Apparently there was this fuss in Italy the other day ‘when the daily newspaper of the Italian Roman Catholic church criticised a string of recent satirical acts’ about this same pope. The pope’s private secretary explained to a journalist what the papal crowd was thinking.

“I am aware of the controversy and I hope that broadcasts of this kind stop,” Father Genswein said. “Satire is fine. But these things do not have any intellectual quality and offend men of the church. They are not acceptable.”

That’s fun, isn’t it?
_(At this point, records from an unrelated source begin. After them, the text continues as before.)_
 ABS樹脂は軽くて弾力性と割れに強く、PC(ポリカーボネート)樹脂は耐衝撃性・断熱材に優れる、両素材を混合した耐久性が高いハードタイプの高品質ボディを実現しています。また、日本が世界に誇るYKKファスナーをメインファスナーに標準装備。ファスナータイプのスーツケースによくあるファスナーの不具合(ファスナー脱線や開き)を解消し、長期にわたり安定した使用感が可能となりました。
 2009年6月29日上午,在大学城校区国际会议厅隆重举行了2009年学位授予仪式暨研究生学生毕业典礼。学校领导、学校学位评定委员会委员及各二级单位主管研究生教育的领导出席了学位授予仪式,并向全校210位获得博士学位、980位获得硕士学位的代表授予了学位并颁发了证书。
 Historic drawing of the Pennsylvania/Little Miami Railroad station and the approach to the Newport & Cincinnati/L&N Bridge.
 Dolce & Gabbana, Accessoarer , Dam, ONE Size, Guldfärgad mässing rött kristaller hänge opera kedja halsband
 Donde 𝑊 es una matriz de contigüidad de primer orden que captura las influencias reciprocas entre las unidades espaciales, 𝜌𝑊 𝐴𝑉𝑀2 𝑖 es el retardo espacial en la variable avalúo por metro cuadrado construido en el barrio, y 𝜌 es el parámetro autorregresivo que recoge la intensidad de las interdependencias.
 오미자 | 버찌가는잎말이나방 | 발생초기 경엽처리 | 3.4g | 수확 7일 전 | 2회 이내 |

Satire is fine – fine, I tell you, fine, we love the stuff, it’s meat and drink to us, we can’t get enough – but these particular ones right here that we’re talking about ain’t clever enough and besides they offend – well, you know, us. Therefore, it must follow as the night the day, They Are Not Acceptable.
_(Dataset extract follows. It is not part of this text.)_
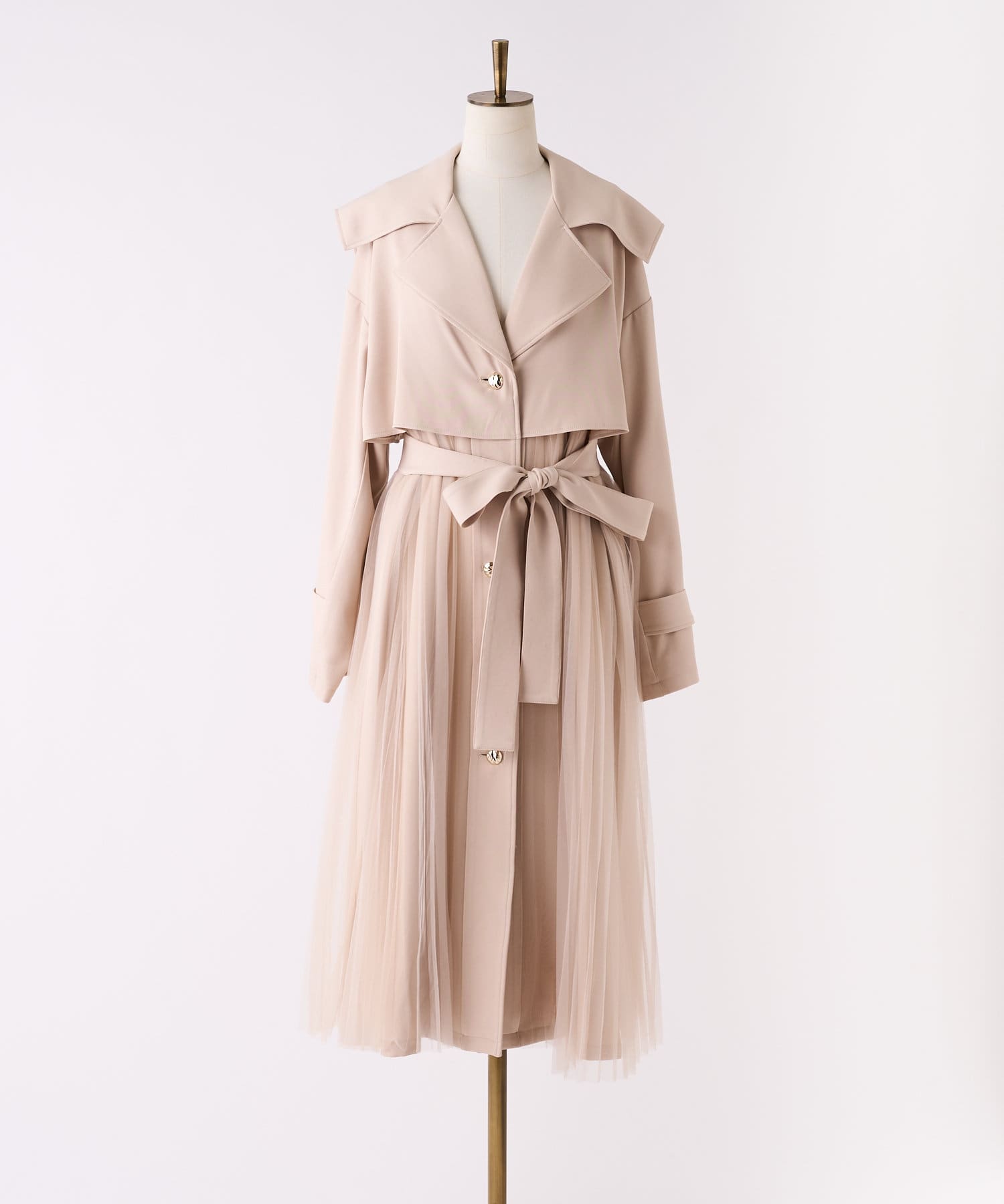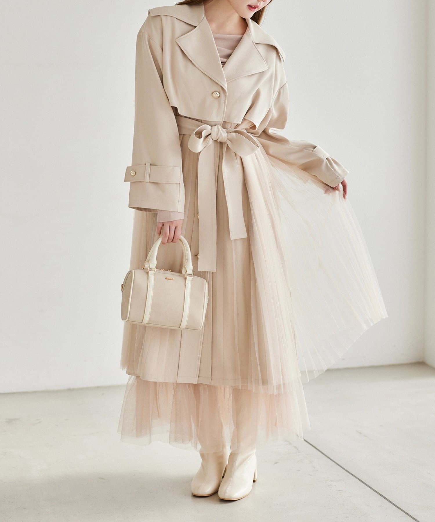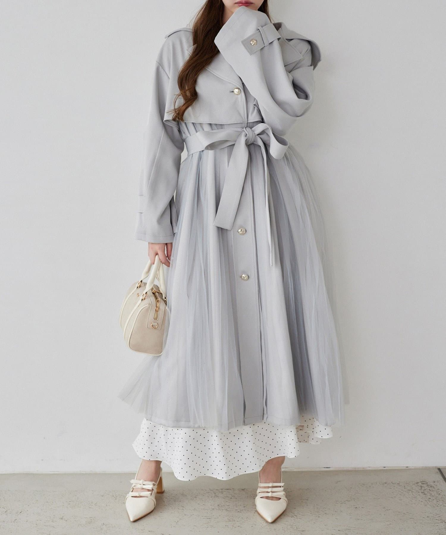ゴールドボタンとチュールが目を惹くトレンチコート

That’s what’s so funny. Pure walking into a door. Sheer tripping and falling into the soup tureen. Here’s where you went wrong, papa Genswein; here’s where you made your fatal error; here’s what you don’t want to do: it really doesn’t work to say ‘Satire is fine unless it’s about me.’ See what I’m getting at here? It’s just no good saying ‘Satire is fine as long as it’s about other people, any other people, really, let a thousand flowers bloom, it’s liberty hall, anyone, except me.’ You see the problem? It looks like special pleading. It looks just a tiny bit self-interested. I’ll give you an example. Suppose you said ‘Hitting people with heavy wooden sporting implements is fine’ and then added ‘except when we’re the people being hit’ – you see, disinterested onlookers would think you were happy to see everyone else mocked or pummeled but wanted immunity for your own special self alone. Tragically, and riotously, the result is not persuasion but shouts of laughter. Sorry, Father G.